"Последнее слово за мной" - читать интересную книгу автора (Уолл Паула)

Глава 13

Когда в город на похороны прибыл целый табор цыган, местные жители даже по ночам не смыкали глаз. Они запирали все двери, заколачивали все окна, какие только можно было заколотить, и держали у постели ружье. И, разумеется, заезжим гастролерам удавалось облапошить их как младенцев.

— Запирать двери от цыган — все равно что прятаться от ветра за редким заборчиком, — заявила Летти, срывая с бельевой веревки еще сырую одежду, словно воры вот-вот могли ворваться и схватить ее развевающиеся панталоны.

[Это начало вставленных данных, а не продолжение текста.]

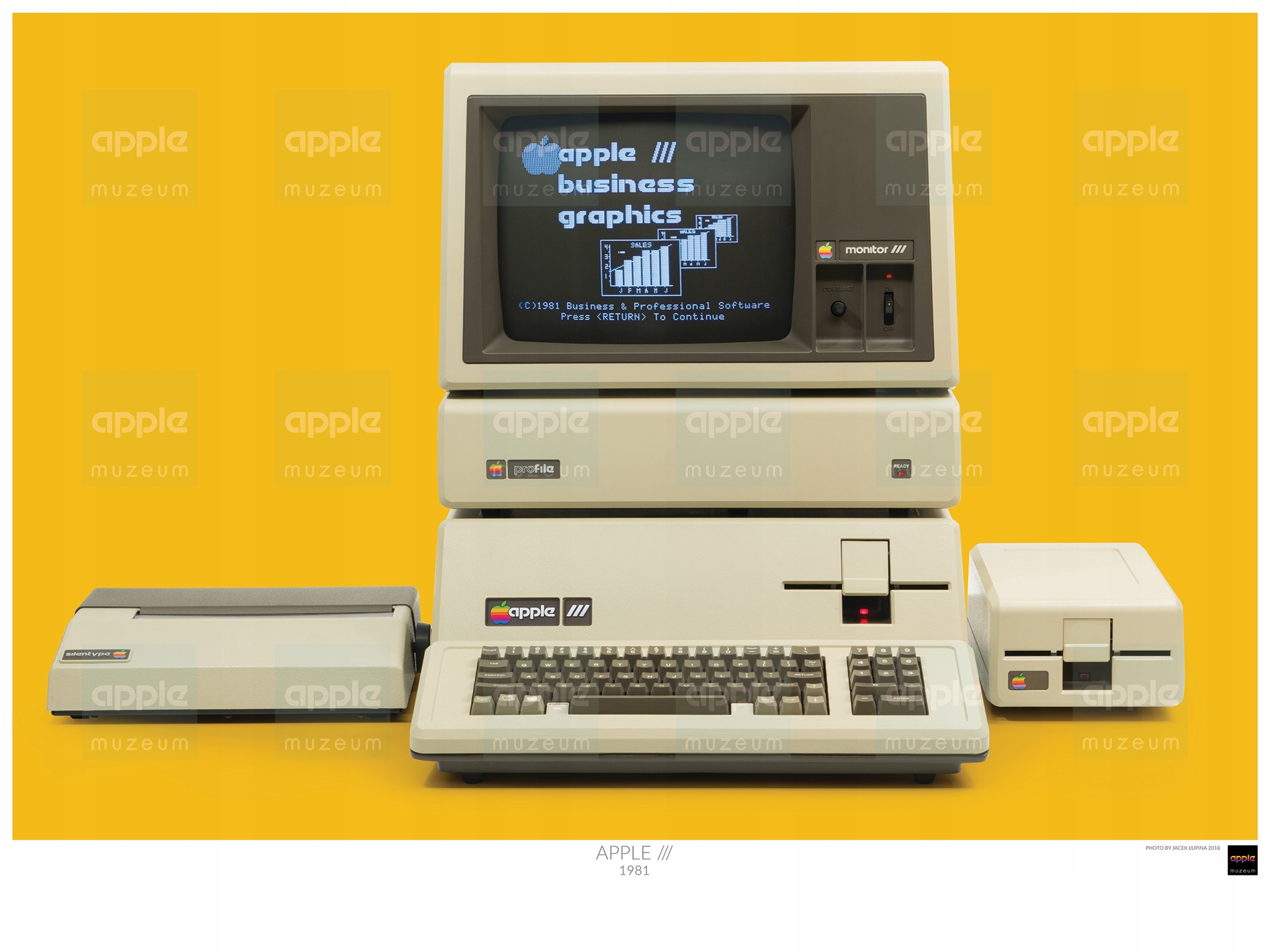На плакаті в альбомному форматі показано фото комп'ютера Apple III 1981 року.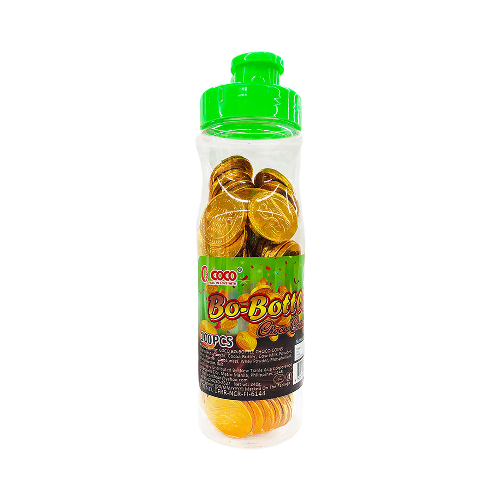 - Get this 1 bottle (240 grams) of Coco Bo Bottle Chocolate Coin.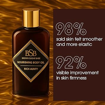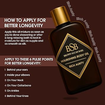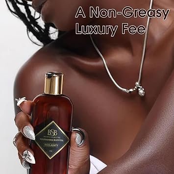 - A Non-Greasy Luxury Feel: Rich Aunty Body Oil absorbs effortlessly, creating a velvety finish on the skin. It's the perfect layering piece to pair with your favorite perfume or to wear on its own for a subtle yet captivating scent.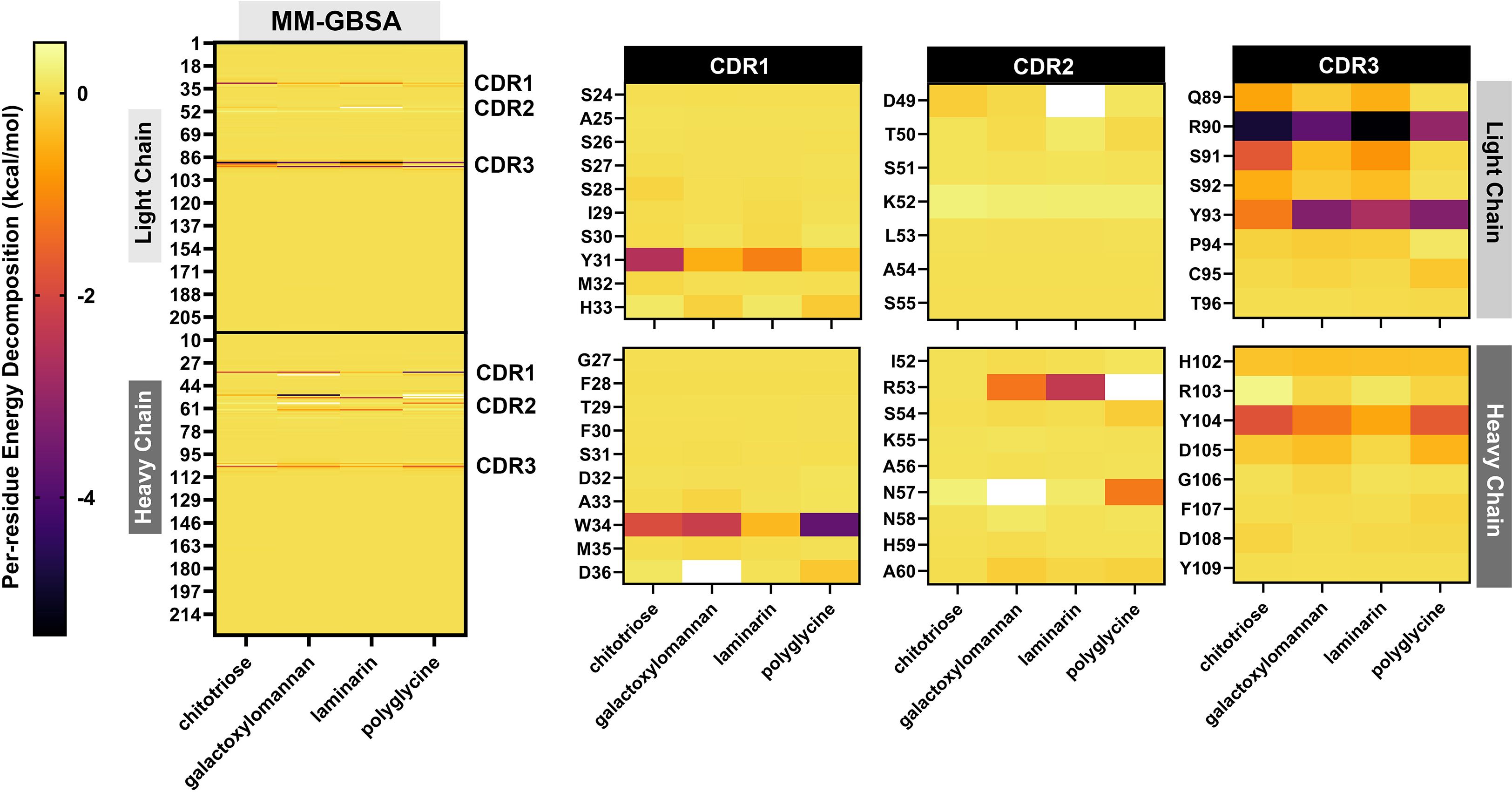 Figure 5. Demonstration by heat maps derived from per-residue energy decomposition analysis using MM-GBSA (Molecular Mechanics-Generalized Born Surface Area) calculations. The left panel shows a comprehensive overview of the energy contributions of individual residues in the modeled MAbCC5 antibody complex interacting with four ligands: chitotriose, galactoxylomannan, laminarin, and polyglycine. The heat map uses a color gradient from yellow (less favorable or neutral interaction) to red and purple (more favorable interaction, indicating stronger binding contributions), highlighting specific residues in both the light and heavy chains that significantly contribute to the binding energy. The right panel magnifies into the 3 CDRs of the light and heavy chains: CDR1, CDR2, and CDR3. These CDRs are critical for epitope recognition and binding specificity. The heat maps indicate which residues within each CDR are energetically important for binding each ligand, revealing variable binding patterns. For instance, residues Y31 in CDR1 (light chain) and W34 in CDR1 (heavy chain) show notable energetic contributions, suggesting key roles in ligand interaction. Differences in per-residue binding energies across ligands reflect distinct interaction modes, likely influenced by the chemical and structural properties of the glycan epitopes versus polyglycine.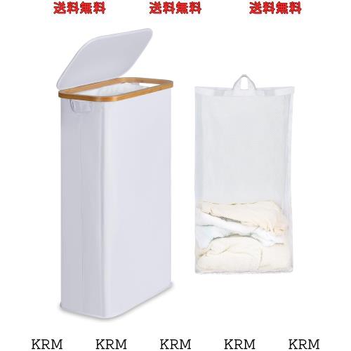 ◆商品名:洗濯かご ランドリーバスケット 洗濯かご 折りたたみ スリムランドリーバスケット容量63L フタ付き 竹製フレーム 折りたためる 防水 洗濯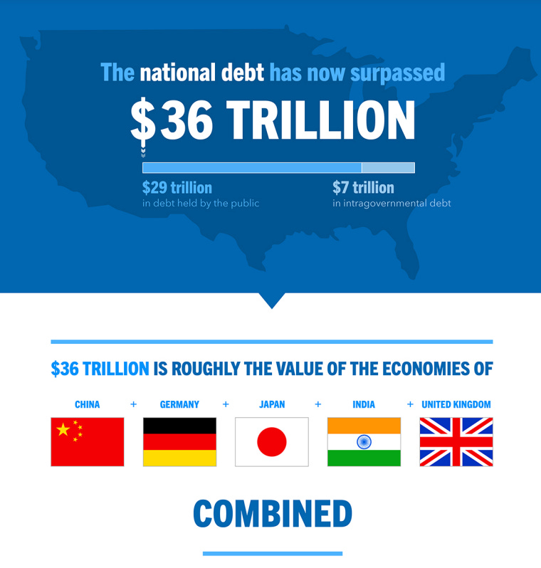 儘管美國的經濟發展良好,但債務問題的嚴重程度超過一般人的想像。美國今天 36 兆美元的鉅額國債約等同於世界主要經濟體中國、德國、日本、印度和英國經濟的總和(表一),而且以目前兩黨運作的情況來看,沒有絲毫和緩的跡象。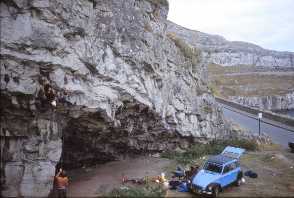 “Fino agli anni Ottanta circa, mettere spit su roccia britannica era praticamente proibito, con l’unica chiara eccezione rappresentata dall’arrampicata artificiale. Pen Irwyn, come molte altre falesie tra le più importanti dello Yorkshire e del Derbyshire, era stata una popolare destinazione per l’arrampicata in artificiale negli anni Cinquanta e Sessanta, e alcune delle vecchie vie presentavano spit nelle sezioni troppo lisce, per unirle alle altre salite con chiodi tradizionali o dadi.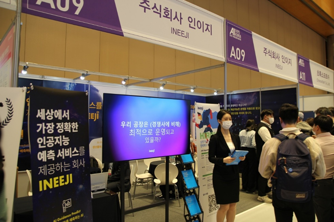 (인이지의 AI 솔루션은 제조 설비의 주요 반응을 파악하고 스스로 운전, 조절한다. 사진은 인이지 부스 전경.)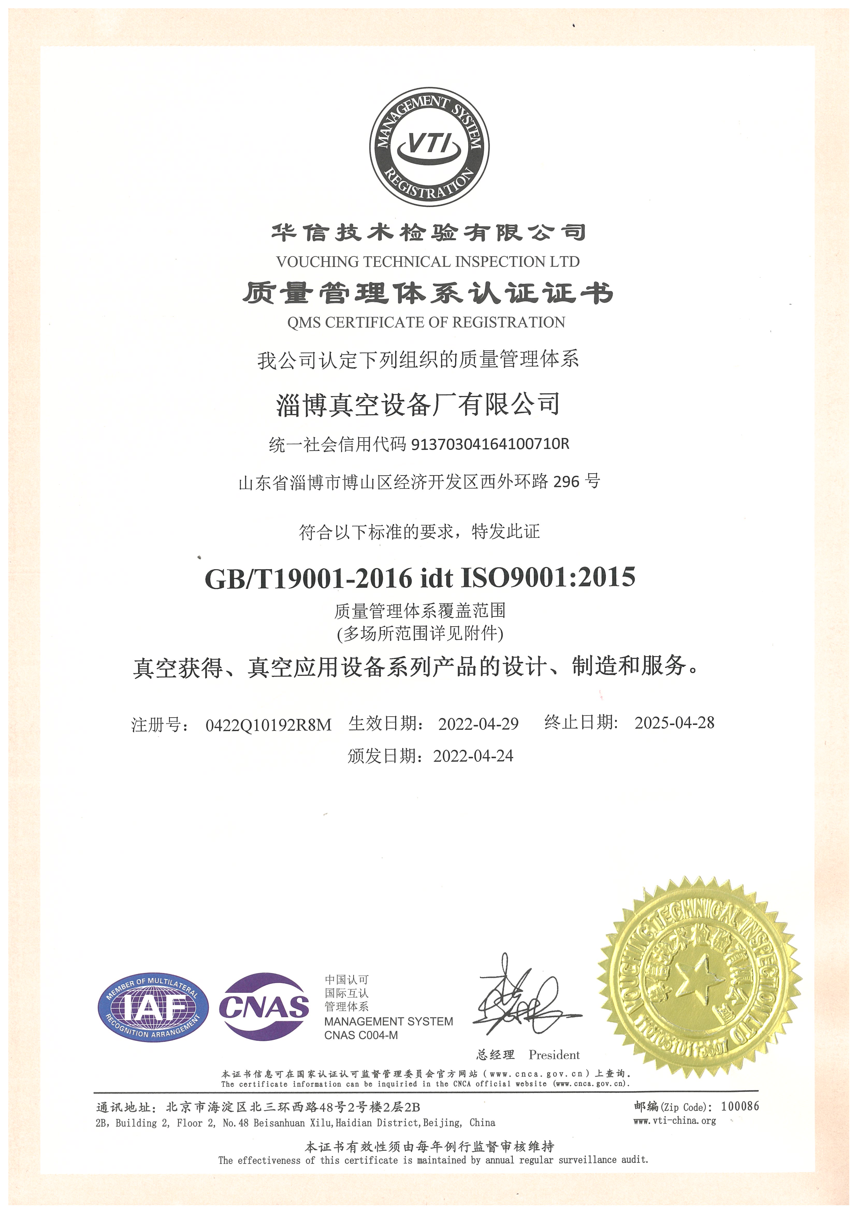 質(zhì)量管理體系認證證書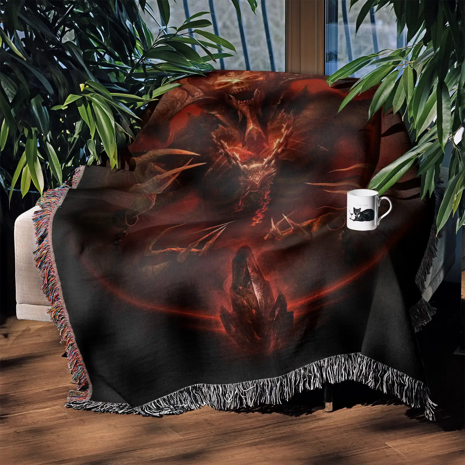 Diablo Woven Tapestry Throw Blanket – Stylish Wall Art, Versatile Picnic Mat, Perfect Gaming Room Accent
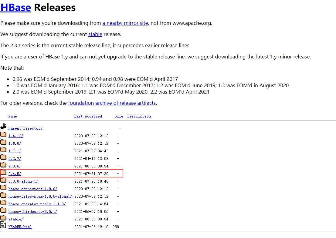 下载链接 https://mirrors.bfsu.edu.cn/apache/hbase/
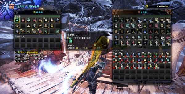 带的各类药,秘药、大回复药和大生命粉尘的调和材料也带满了,进去再拿10个支给大回复药和2个支给大生命粉尘,相当于带了30个大回复药4个大生命粉尘,再配合满足感极意,基本上可以够一局的用量不用回去补给,秘药+大秘药加起来带了3个,奶妈不容易被打到,所以这个量基本够自己用一整局了。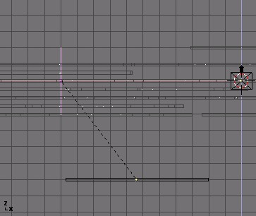 Next switch to front view and add another plane. Scale it along the X-axis to turn it into a rectangle (press SKEY and move your mouse horizontally. Then click MMB to scale along the indicated axis only). Give the rectangle a white material with an emit value of one.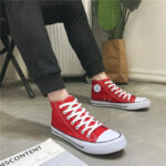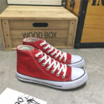 This classic red high-top canvas shoe features a simple and elegant design, making it a versatile choice for everyday wear. The upper is made of high-quality canvas material, offering breathability and durability for all-day comfort. The non-slip rubber sole enhances grip, ensuring walking safety. The timeless red-and-white color combination is stylish yet understated, suitable for various occasions, including campus life, casual outings, or daily commuting. The reinforced toe design improves durability, while the white laces add a touch of brightness to the overall look. This unisex shoe is an ideal choice for those seeking both comfort and style.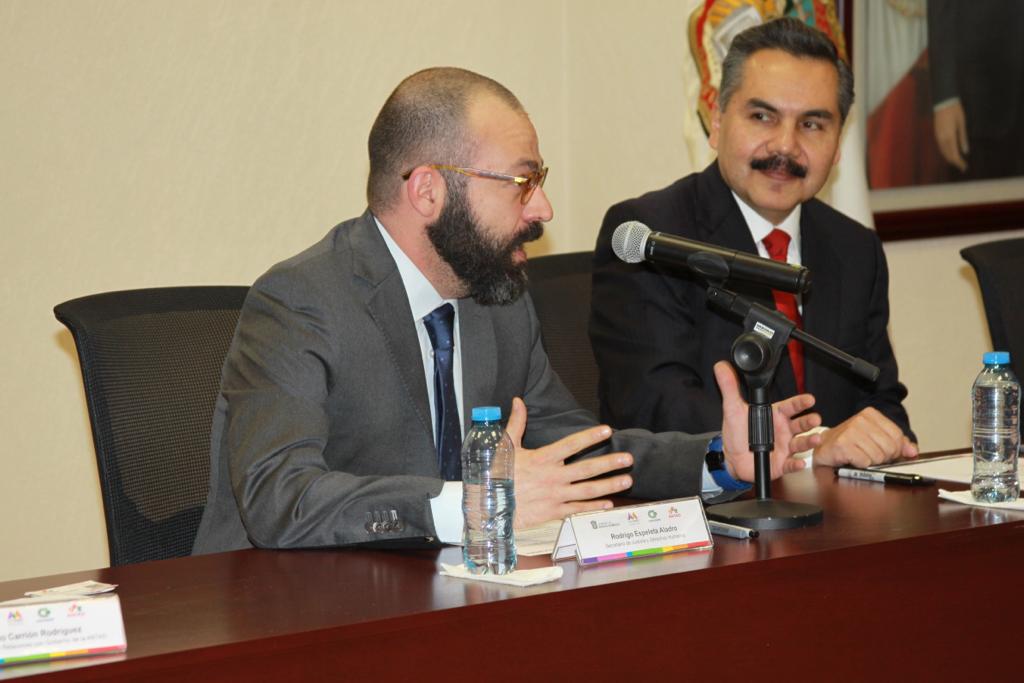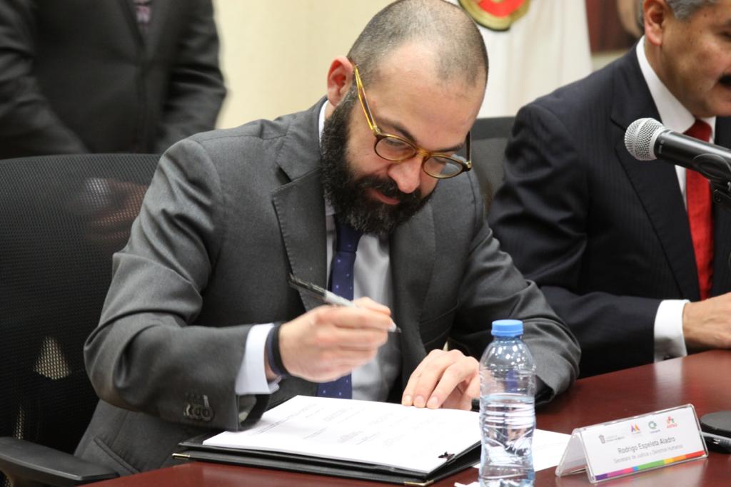 El Secretario de Justicia y Derechos Humanos, Rodrigo Espeleta, dijo que la firma de este convenio permitirá sumar esfuerzos para garantizar la aplicación de las leyes en materia de Mejora Regulatoria impulsadas por el Gobernador Alfredo Del Mazo.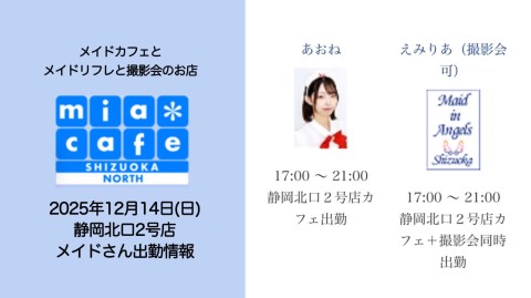| 営業時間 | 静岡店は出勤スタッフがいれば営業です! 基本的に 12時~22時が営業時間です! ●静岡店のツイッター @shizuokamaidsan https://twitter.com/shizuokamaidsan ●ミア静岡店の営業曜日&営業時間● ☆月〜木 14:00〜22:00(最終受付20:00) ☆金曜日 12:00〜22:00(最終受付21:00) ☆土・日・祝 12:00〜22:00(最終受付21:00) 営業時間外はオンライン予約にてお願いいたします。 PC・携帯共通 → http://m-kanzume.moo.jp/yoyaku2/user.cgi ●ミアガイド出勤状況● スマホ・PC → 後日公開予定 ★静岡店スタッフによるミア甲府店でのメイドカフェリアル営業★ ☆不定期 サイトにてご確認ください。 http://market.chu.jp/schedule1/sche37.cgi | ||||||||||||||

Если в городе что-нибудь пропадало — сразу обвиняли табор. Если украденные часы или перочинный ножик месяц спустя обнаруживались в кузове грузовика или под диванной подушкой, добропорядочные горожане резонно замечали: если бы эти вещицы не потерялись раньше, цыгане непременно бы их украли.

Табор расположился лагерем на краю Стрингтауна, с подветренной стороны свалки. Это был настоящий рай для кочевников. Из холма бил родник, на дереве еще с прошлых лет висел жестяной ковшик, повсюду валялись сухие ветки для костра — в таком количестве, будто их вытряхнули с самосвала. А свалка напоминала огромный магазин полезных мелочей, только без касс на выходе. Завязав рты и носы платками, ребятишки копались среди дымящихся груд мусора, раскапывали металлолом, ободья от колес и прочую всячину, которую можно было поменять, продать или использовать в хозяйстве. Мужчины постарше открыли у дороги передвижную мастерскую, где выполняли разную работу по металлу и меняли лошадям подковы. А женщины тем временем бродили по городу от двери к двери, торгуя разными безделушками и ища разовую работу.

К концу недели цыгане оккупировали весь город, как стая остановившихся на отдых перелетных птиц. На тротуаре играл скрипач, а рядом танцевала его дочка. За складом кормов цыганские мужчины играли в кости. А детишки, которые были слишком малы, чтобы таскать сласти с прилавка «Кондитерской», воровали розы с клумб «Клуба садоводов» и продавали их на ступеньках муниципалитета.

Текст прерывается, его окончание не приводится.